• TASK OBJECTIVE
Set down again, exactly and only, the lines from the one that contains "Ce nouveau projet" through the last line of the records below, both included, but not the pictures.
Top of RECORDS SHOWN
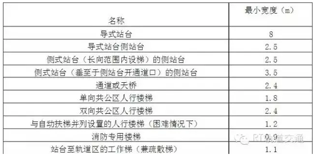 (2)站臺寬度:應按車站客流量計算確定,但不得小于《地鐵設計規范》(GB 50157)表8.3.17-1 規定的數值。
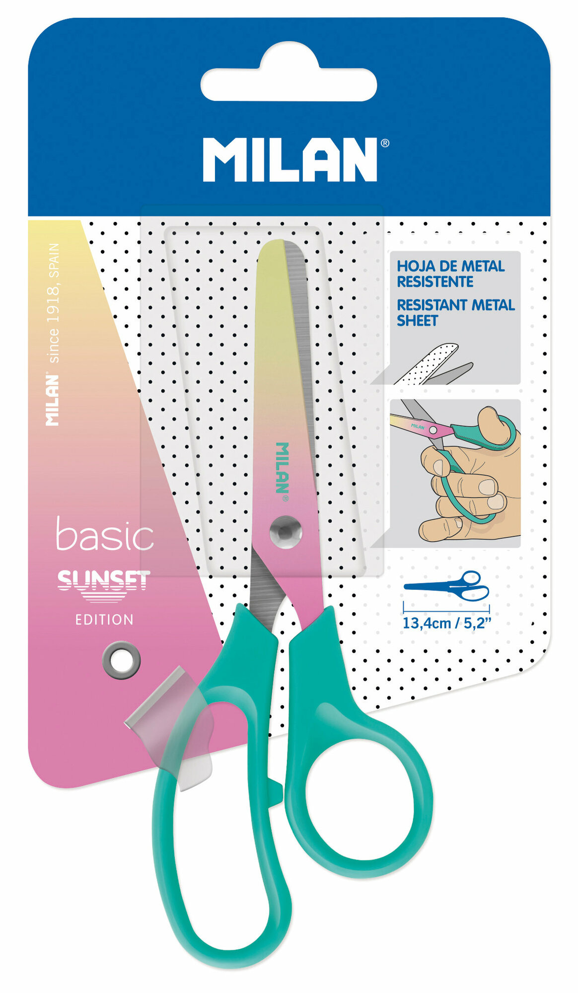 Канцелярские ножницы Basic Sunset в упаковке с европодвесом.
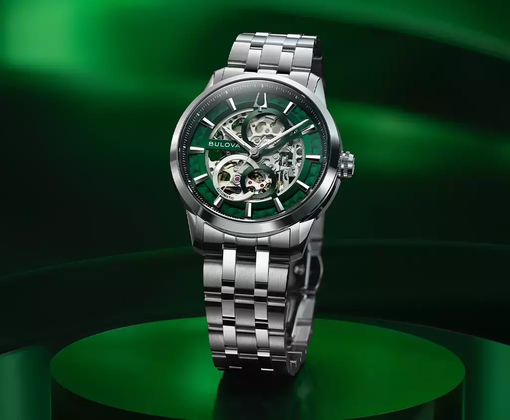 Descripcion:Descubra la ingeniería relojera con el reloj automático Bulova Sutton para hombre.Este reloj, con una escultural caja de acero inoxidable en tono plateado, combina acabados que lo hacen destacar en cualquier muñeca. Su esfera verde abierta, con múltiples capas y un cristal de zafiro, revela el fascinante movimiento automático esqueletizado de 21 rubíes, con 42 horas de reserva de marcha. Los índices y manecillas, con relleno luminiscente, ofrecen una claridad óptima. El brazalete de acero inoxidable de múltiples eslabones completa este diseño, perfecto para realzar su estilo con un toque de sofisticación.
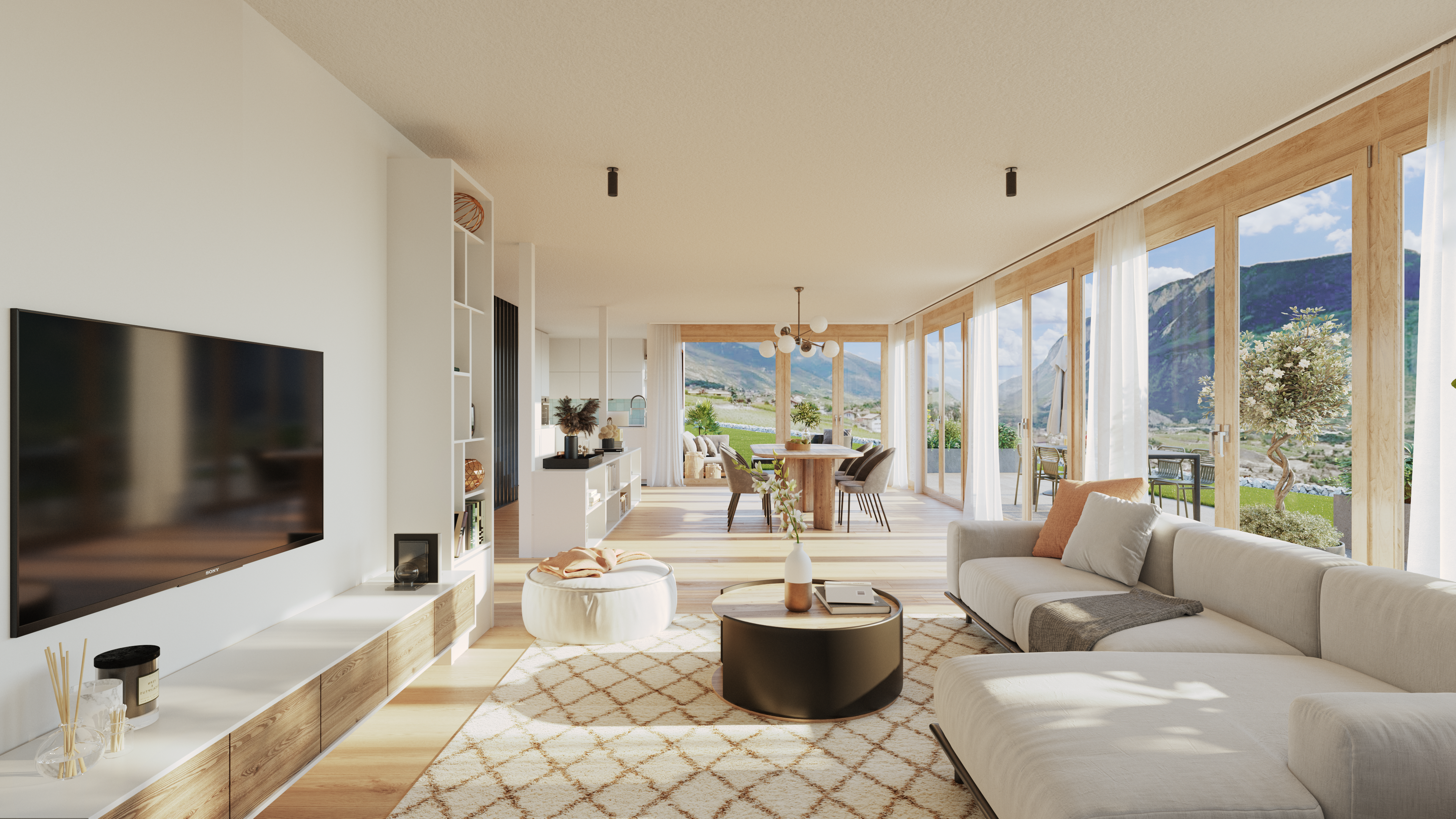 Ce nouveau projet complète une zone d’habitation à faible densité, dans un quartier résidentiel et offre un cadre de vie agréable, tout en étant à proximité des commodités telles que l’école primaire et l’UAPE de Veyras, l’église et les terrains de sport dans les abords.
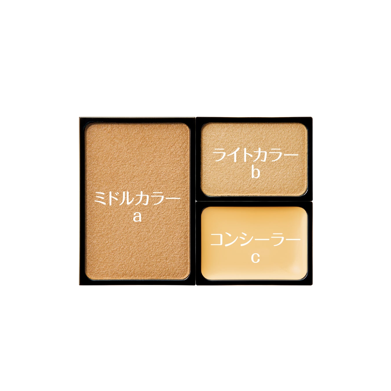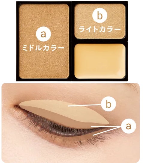 bをまぶた全体に塗り広げ、次にaを目尻や下まぶたキワに重ねます。ソフトマットな質感で、自然なグラデーションが目もとに深みを与えます。
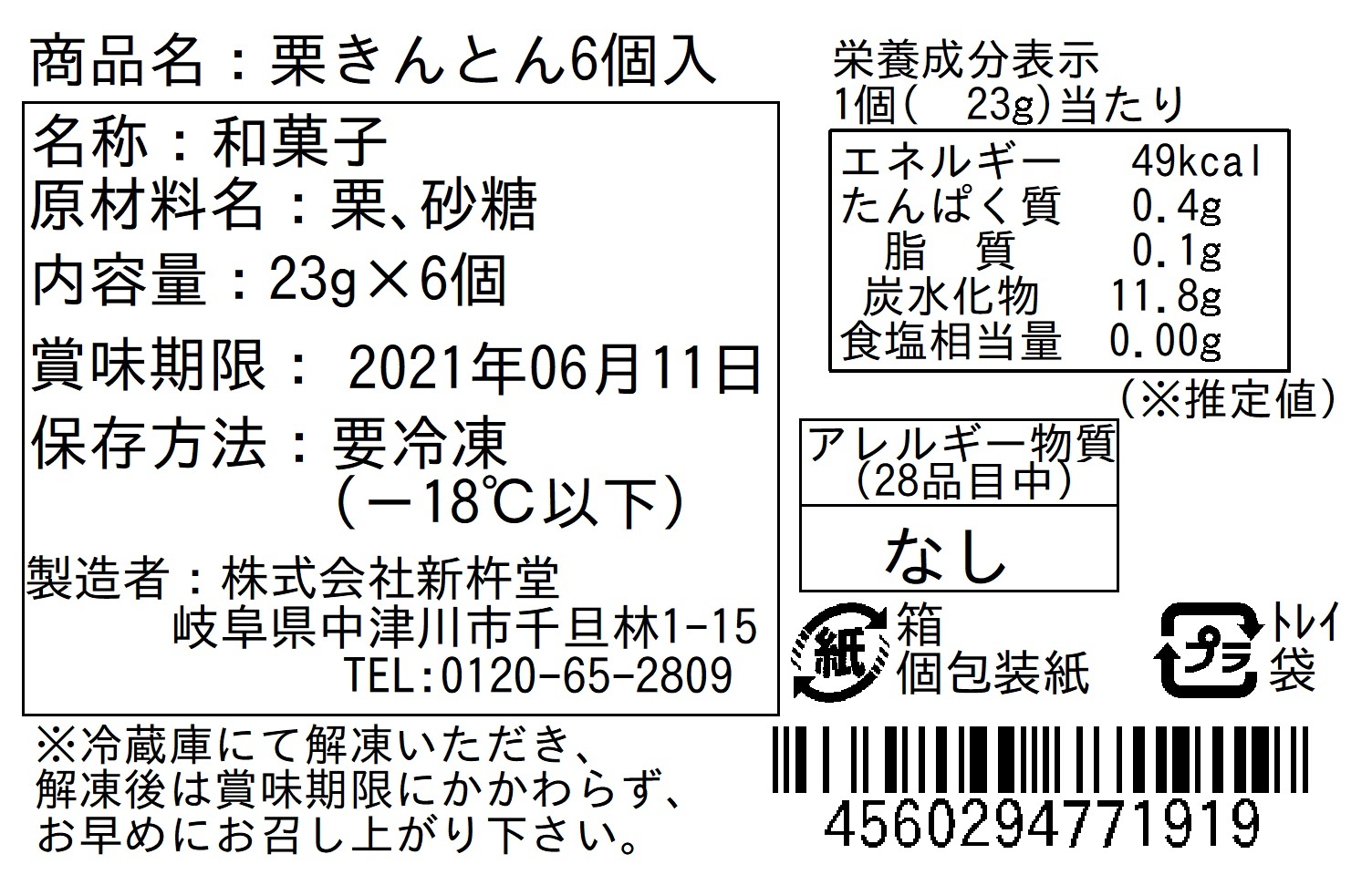 ■保存方法:要冷凍(-18°C以下)
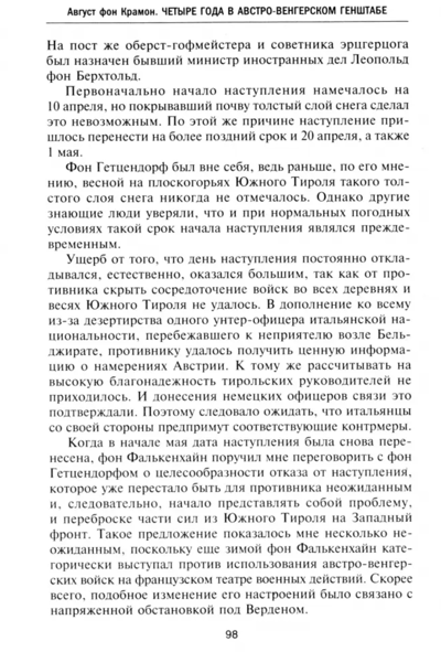 Август фон Крамон (1861-1940) в годы Первой мировой войны был назначен полномочным представителем Германии при Генеральном штабе австро-венгерской армии. Будучи связующим звеном между ставками двух держав, генерал-майор фон Крамон принимал непосредственное участие в разработке и проведении военных операций, поддерживал контакты между союзниками и высшим руководством армий, а потому смог с документальной точностью отобразить положение дел в Австро-Венгрии в 1914-1918 гг. Автор достоверно и беспристрастно описывает не только крупные сражения, переговоры о мире, падение монархии в России и другие значительные события Первой мировой войны, но и интриги в верховном командовании, дипломатические уловки и неоднозначные политические соглашения, определившие ход войны.
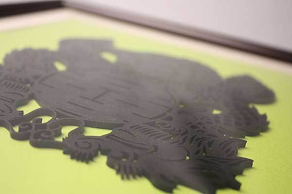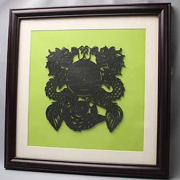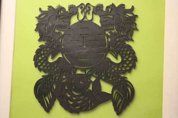 双龍と双喜字という吉祥モチーフの中国伝統切り絵風ウッドカービングを、オリジナル額にしました。
Bottom of RECORDS SHOWN
• REPLY
 Ce nouveau projet complète une zone d’habitation à faible densité, dans un quartier résidentiel et offre un cadre de vie agréable, tout en étant à proximité des commodités telles que l’école primaire et l’UAPE de Veyras, l’église et les terrains de sport dans les abords.
 bをまぶた全体に塗り広げ、次にaを目尻や下まぶたキワに重ねます。ソフトマットな質感で、自然なグラデーションが目もとに深みを与えます。
 ■保存方法:要冷凍(-18°C以下)
 Август фон Крамон (1861-1940) в годы Первой мировой войны был назначен полномочным представителем Германии при Генеральном штабе австро-венгерской армии. Будучи связующим звеном между ставками двух держав, генерал-майор фон Крамон принимал непосредственное участие в разработке и проведении военных операций, поддерживал контакты между союзниками и высшим руководством армий, а потому смог с документальной точностью отобразить положение дел в Австро-Венгрии в 1914-1918 гг. Автор достоверно и беспристрастно описывает не только крупные сражения, переговоры о мире, падение монархии в России и другие значительные события Первой мировой войны, но и интриги в верховном командовании, дипломатические уловки и неоднозначные политические соглашения, определившие ход войны.
 双龍と双喜字という吉祥モチーフの中国伝統切り絵風ウッドカービングを、オリジナル額にしました。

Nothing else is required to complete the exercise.